Disrupting Dissemination of Statistics

The rise of new technologies followed by new information behavior has also disrupted existing dissemination formats (from print to digital) and dissemination practices (from quasi-monopolistic to open and multiple).

A well-known example for disrupting dissemination is given by Wikipedia and its subject is Wikipedia itself:
“The free, online encyclopedia Wikipedia was a disruptive innovation that had a major impact on both the traditional, for-profit printed paper encyclopedia market (e.g., Encyclopedia Britannica) and the for-profit digital encyclopedia market (e.g.,Encarta). The English Wikipedia provides over 5 million articles for free; in contrast, a $1,000 set of Britannica volumes had 120,000 articles.” (Article: https://en.wikipedia.org/wiki/Disruptive_innovation)
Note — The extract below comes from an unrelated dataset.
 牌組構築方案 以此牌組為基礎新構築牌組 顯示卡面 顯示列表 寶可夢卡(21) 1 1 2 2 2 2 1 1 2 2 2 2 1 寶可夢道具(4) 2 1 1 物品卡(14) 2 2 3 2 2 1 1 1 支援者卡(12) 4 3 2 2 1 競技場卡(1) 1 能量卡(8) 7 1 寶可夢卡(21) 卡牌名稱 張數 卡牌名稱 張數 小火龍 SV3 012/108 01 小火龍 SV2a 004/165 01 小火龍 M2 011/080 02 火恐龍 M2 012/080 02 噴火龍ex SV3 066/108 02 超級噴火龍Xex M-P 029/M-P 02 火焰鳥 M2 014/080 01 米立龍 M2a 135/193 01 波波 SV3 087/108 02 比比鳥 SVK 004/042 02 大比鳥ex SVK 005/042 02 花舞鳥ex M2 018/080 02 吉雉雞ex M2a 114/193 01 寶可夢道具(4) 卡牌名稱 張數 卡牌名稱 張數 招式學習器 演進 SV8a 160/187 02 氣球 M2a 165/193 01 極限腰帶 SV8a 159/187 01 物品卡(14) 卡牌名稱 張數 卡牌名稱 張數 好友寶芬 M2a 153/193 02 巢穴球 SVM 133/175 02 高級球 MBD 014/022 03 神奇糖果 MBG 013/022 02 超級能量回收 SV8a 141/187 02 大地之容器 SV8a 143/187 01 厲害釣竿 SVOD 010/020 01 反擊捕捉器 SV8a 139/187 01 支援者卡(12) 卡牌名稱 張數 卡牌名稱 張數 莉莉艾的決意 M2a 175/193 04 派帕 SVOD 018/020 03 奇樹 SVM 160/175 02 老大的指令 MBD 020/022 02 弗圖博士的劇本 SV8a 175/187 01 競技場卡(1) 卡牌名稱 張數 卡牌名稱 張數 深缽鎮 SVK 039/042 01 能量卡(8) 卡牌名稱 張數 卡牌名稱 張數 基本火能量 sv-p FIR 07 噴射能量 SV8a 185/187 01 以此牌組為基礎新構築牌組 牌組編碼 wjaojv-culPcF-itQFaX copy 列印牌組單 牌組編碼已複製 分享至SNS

In fact, disruptive tendencies happen on both sides: in producing and in presenting or accessing statistical information.

Some thoughts about this:

  1. Until the end of the 20th-century, print was the main channel for disseminating statistics. Libraries in Statistical Offices and Society had their very vital role.
  2. With the internet opened a new channel: Statistical Offices’ Websites appeared, access to databases and attractive data presentation (visual, storytelling, see i.e. this) were top themes and stuff for long discussions. Access to data was now simple and for everyone.
  3. With the open data initiatives not only accessing but also disseminating statistical information got much easier. Nearly everyone could become a data provider. License fees no longer hindered the redisseminaton of official statistics and APIs or webservices provided by statistical offices made this possible in an automated way.
    Statistics can be easily integrated into websites and apps of non-official data providers, this with all the chances to enable democratic conversation and the risks of data misuse.
  4. All this gives statistics a much more important role in communication processes. On the other hand communicating with statistics gets simpler: Letters, telephone calls and even e-mails become cumbersome seen the possibility bots (will) provide. With a stats bot in my daily used messenger, I ask for a statistical information, and the bot uses a search engine or connects me directly to a statistical expert.
    Brands that already have full-fledged apps and responsive websites can take advantage of bots’ ability to act as concierges, handling basic tasks and micro-interactions for users and then gracefully connecting users with apps or websites, as appropriate, for a more involved experience.” (Adam Fingerman, venturebeat, 20.7.2016)
  5. What’s next? Innovation with disruption goes on, but disruption does not always mean destruction: It’s still a wise decision to keep some information in paper format. A statistical yearbook with key data lasts for centuries, not so a website, an API or a bot.